§ Work required: The material below should be copied line for line, please, with pictures omitted.

§ Exercise data:
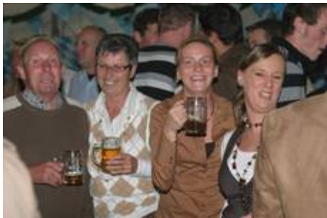
Stimmung beim Oktoberfest: Die Dritte
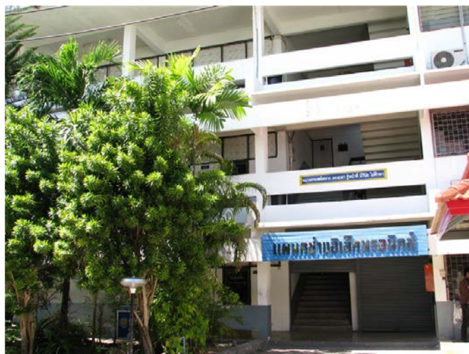
แผนกวิชาช่างอิเล็กทรอนิกส์
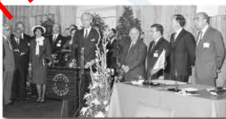
Accession to the Council of Europe / Adhésion au Conseil de l'Europe (05/05/1989)
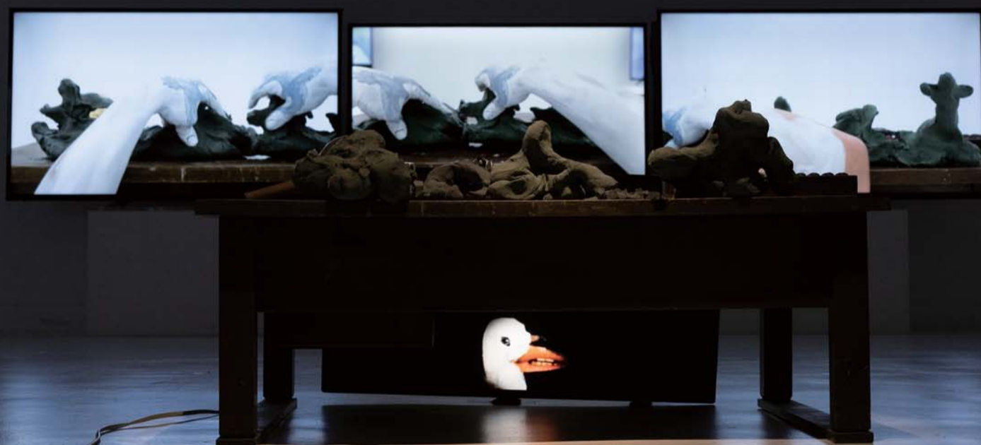
(参考) 黒田大スケ《三つのカゲ、彼の罪》2021

§ The completed task:
Stimmung beim Oktoberfest: Die Dritte
แผนกวิชาช่างอิเล็กทรอนิกส์
Accession to the Council of Europe / Adhésion au Conseil de l'Europe (05/05/1989)
(参考) 黒田大スケ《三つのカゲ、彼の罪》2021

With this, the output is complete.